MJ Hartman Posted August 12, 2003 Posted August 12, 2003 a quarterly valued 401k/profit sharing plan allows for participant directed investments. a quarterly deposit made on behalf of one of the doctors was made to the money market fund in the last quarter of 2002 and was reported as paid to the money market fund for the 12/31/02 participant statement. Subsequent deposits were paid and shown on statements prepared 3/31/03 and 6/30/03 as being paid to the money market. After 3 timely statements had been provided to the participant (and a good return on the equity fund account that was where the money was supposed to have been paid all along) the participant calls and says that his $ was being paid to the wrong account!! What is the plan's obligation to reimburse for gains to the account? I believe that the only adjustments due would be for the 1st quarter that deposits were shown as made incorrectly; the plan/trustee/(tpa) is under no obligation to correct to-date as statements have been provided. Any comments, cites? thanks
ljr Posted August 12, 2003 Posted August 12, 2003 Check the participant statements to see if there is any kind of message about a time limit to report errors. Many will say errors need to be reported within 30 days of receipt of the statement for corrections to be made retroactively. Ours go on to say errors reported after that time will be corrected as of a current date. In practice, we'd probably do a retroactive correction if reported within a "reasonable" time from receipt of the statement which would at least be prior to the issue of the following quarter. This is a tough one and I wish you luck. Interesting that no one ever complains when they make money on an error!

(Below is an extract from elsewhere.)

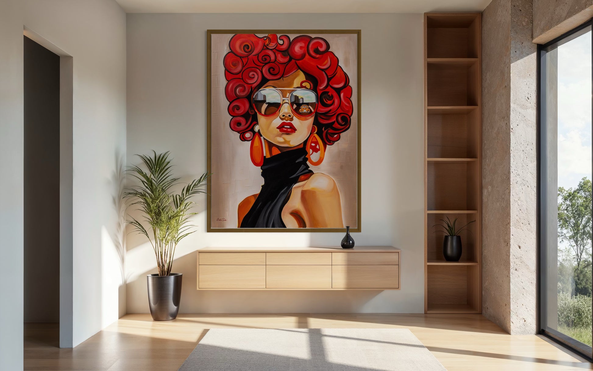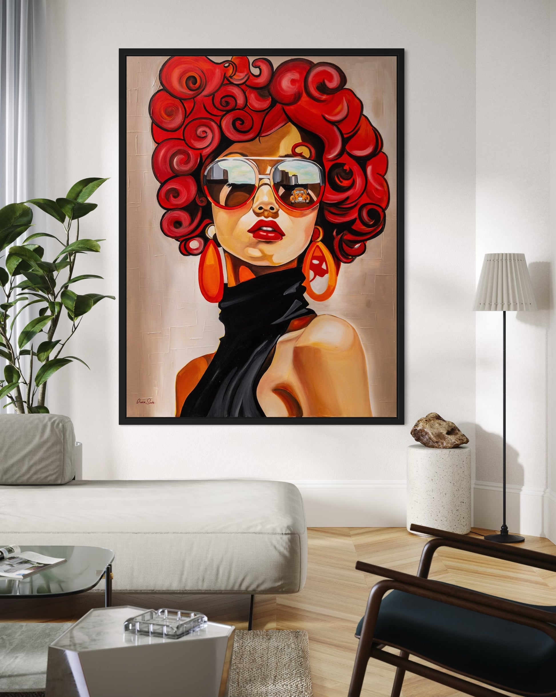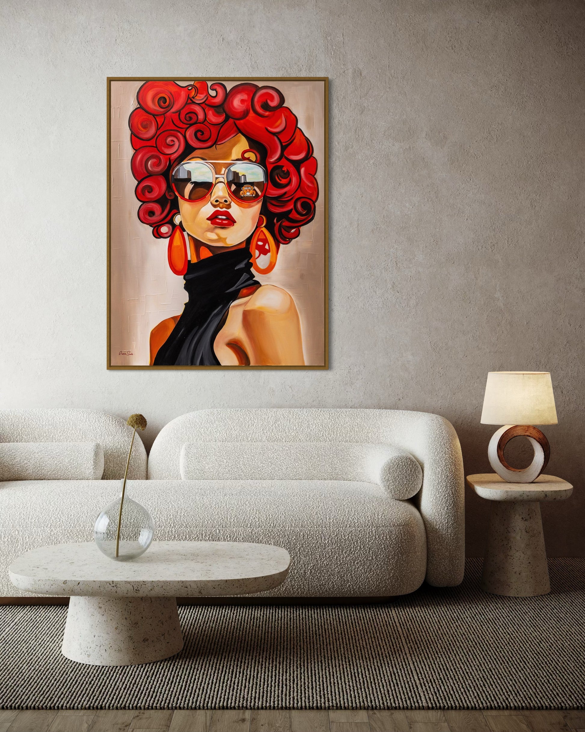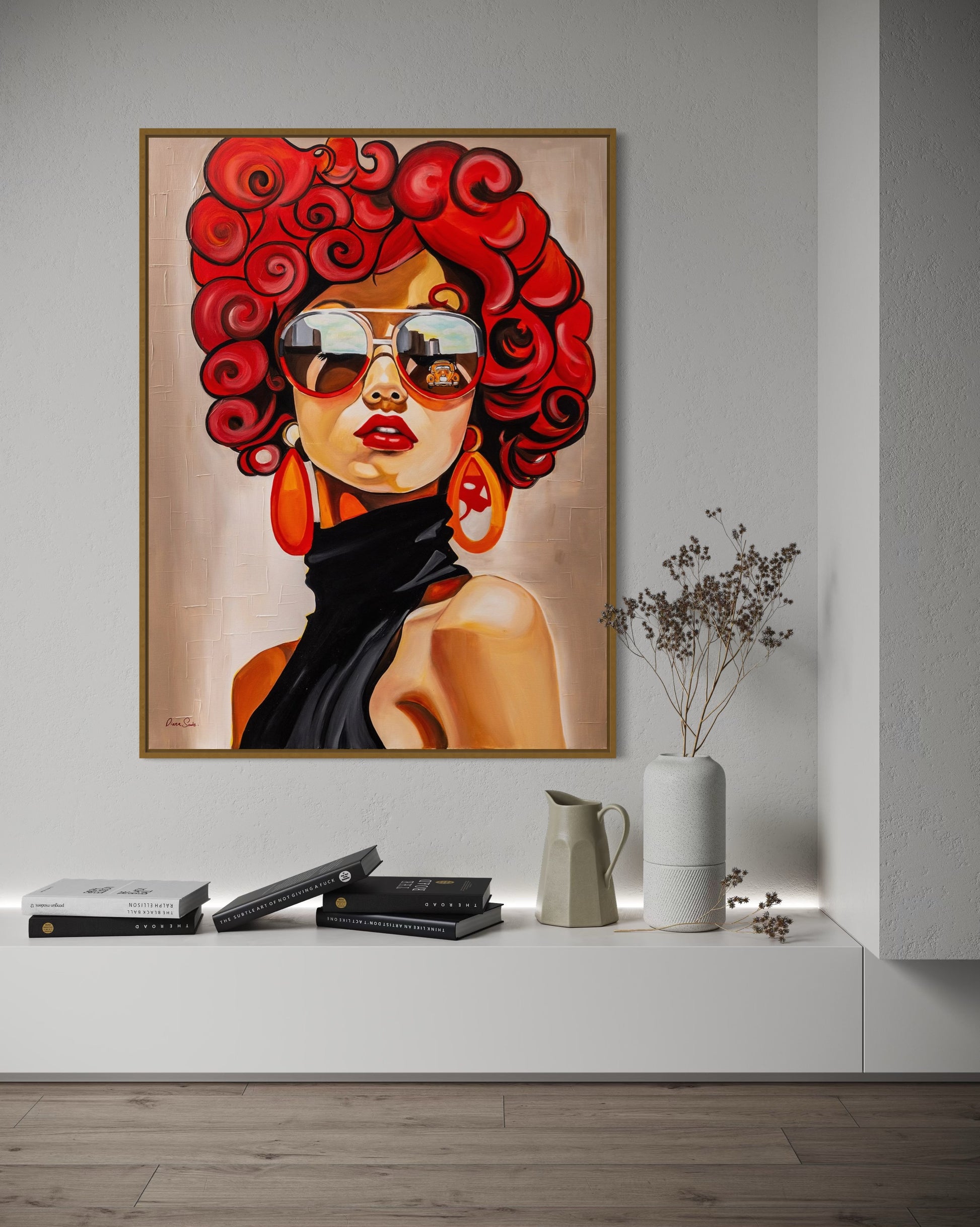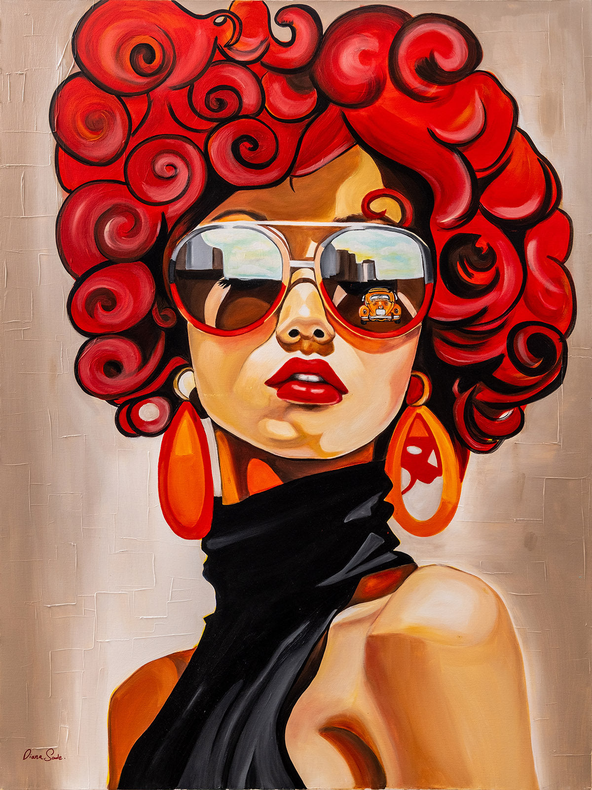 דיוקן נועז וזוהר זה לוכד אישה עזה עם תלתלים אדומים בולטים, משקפי שמש גדולים במיוחד ונוכחות עוצמתית. השתקפות קו הרקיע של העיר במשקפי השמש שלה מרמזת על הדופק של ניו יורק - מהיר, מסוגנן ומלא גישה. הבעת פניה הבטוחה, צבעיה התוססים והמראה האופנתי המתקדם שלה חוגגים אנרגיה עירונית ואינדיבידואליות חסרת פחד.

E as in ERISA Posted August 13, 2003 Posted August 13, 2003 Those may be your arguments. But I don't think that they are 100% foolproof. I think that there is no doubt that an error occurred when the plan failed to deposit the money as directed. But unless you can prove an affirmative responsibility on the part of the doctor to review the statements for your errors and notify you of such errors, then your argument could lose. I don't know if messaging on a statement can be used to establish that responsibility on the part of the participants. I'm not aware of anything that requires participants to read statements or creates a presumption that they read statements. If they don't read the statement, then they can't get the message! So I don't know that messaging on the statement creates any legal responsibility on their part -- or that failure to so so creates an error. I think that your argument would be more viable if it was in the SPD and all employees had signed statements that they had read the SPD (which most employers require these days).
E as in ERISA Posted August 13, 2003 Posted August 13, 2003 Bottom line: Be very nice in your negotiations. The doctor has nothing to lose and everything to gain in forcing the issue.